▶ [RECORDED INFORMATION]

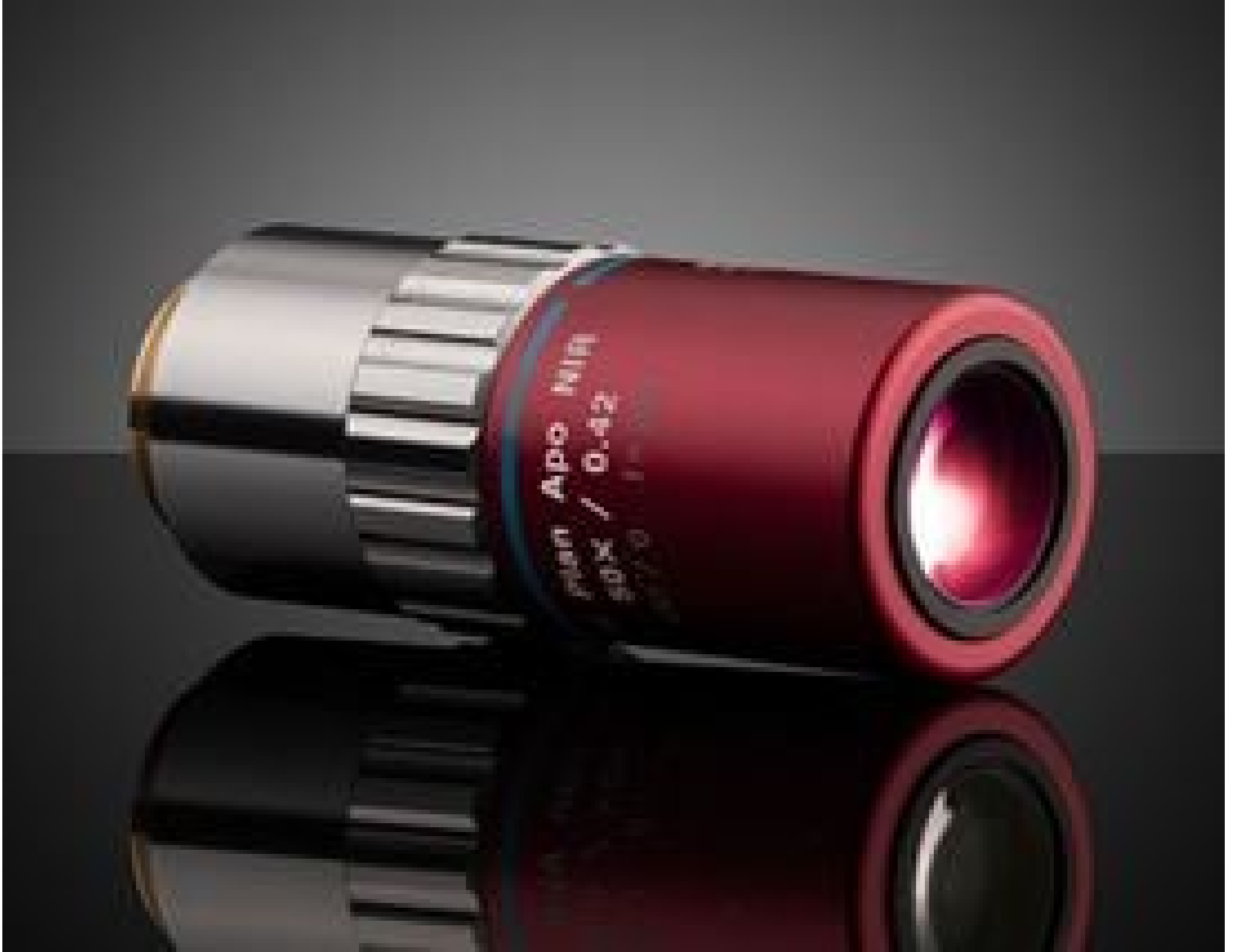
50X Mitutoyo Plan Apo NIR Infinity Corrected Objective, #46-405
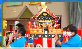
お神輿の登場だ〜!!ワッショイ
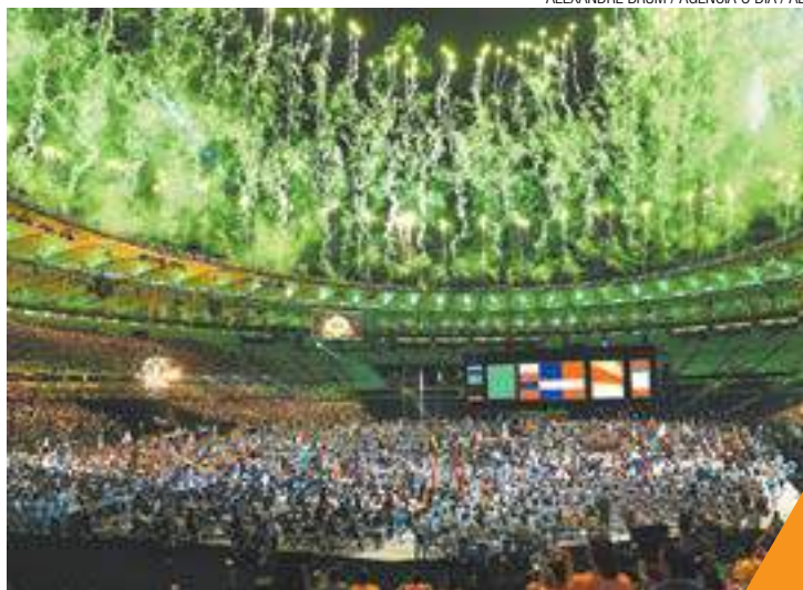
Emoção - Cerimônia de encerramento contou com criatividade

Como a Rússia foi punida e não pôde participar dos Jogos Paralímpicos do Rio, imaginava-se que sem este país, que é uma potência esportiva, a meta do Brasil ficaria mais fácil de ser alcançada.
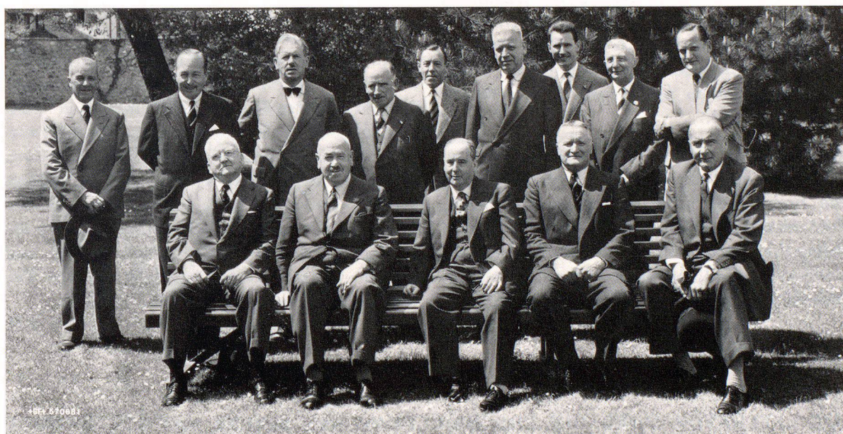
Stiftungsrat und Mitarbeiter

Am 14. Mai dieses Jahres trafen sich im Paradies die Mitglieder des Stiftungsrates, aus den Vereinigten Staaten, England, Frankreich, Deutschland, Italien und der Schweiz, zu einer Arbeitstagung mit den Schaffhauser Organen der Eisenbibliothek. Es war dies eine willkommene Gelegenheit, an Ort und Stelle einen allen erwünschten Einblick zu vermitteln in die Organisation und die bisherige Tätigkeit der Bibliothek, die nun rund 18 000 Bände in 15 Sprachen umfasst. Der Bücherbestand konnte in der kurzen Zeit seit der Gründung mengenmässig und qualitativ, gegen alle düsteren Prophezeiungen, auf ein beachtenswertes Niveau gebracht werden. Den begeisterten Helfern seien hier Dank und Anerkennung ausgesprochen.

▶ [PROBLEM DETAILS]
None of the pictures belong in the copy; transcribe the rest of the data exactly.

▶ [EXPECTED ANSWER]
50X Mitutoyo Plan Apo NIR Infinity Corrected Objective, #46-405
お神輿の登場だ〜!!ワッショイ
Emoção - Cerimônia de encerramento contou com criatividade

Como a Rússia foi punida e não pôde participar dos Jogos Paralímpicos do Rio, imaginava-se que sem este país, que é uma potência esportiva, a meta do Brasil ficaria mais fácil de ser alcançada.
Stiftungsrat und Mitarbeiter

Am 14. Mai dieses Jahres trafen sich im Paradies die Mitglieder des Stiftungsrates, aus den Vereinigten Staaten, England, Frankreich, Deutschland, Italien und der Schweiz, zu einer Arbeitstagung mit den Schaffhauser Organen der Eisenbibliothek. Es war dies eine willkommene Gelegenheit, an Ort und Stelle einen allen erwünschten Einblick zu vermitteln in die Organisation und die bisherige Tätigkeit der Bibliothek, die nun rund 18 000 Bände in 15 Sprachen umfasst. Der Bücherbestand konnte in der kurzen Zeit seit der Gründung mengenmässig und qualitativ, gegen alle düsteren Prophezeiungen, auf ein beachtenswertes Niveau gebracht werden. Den begeisterten Helfern seien hier Dank und Anerkennung ausgesprochen.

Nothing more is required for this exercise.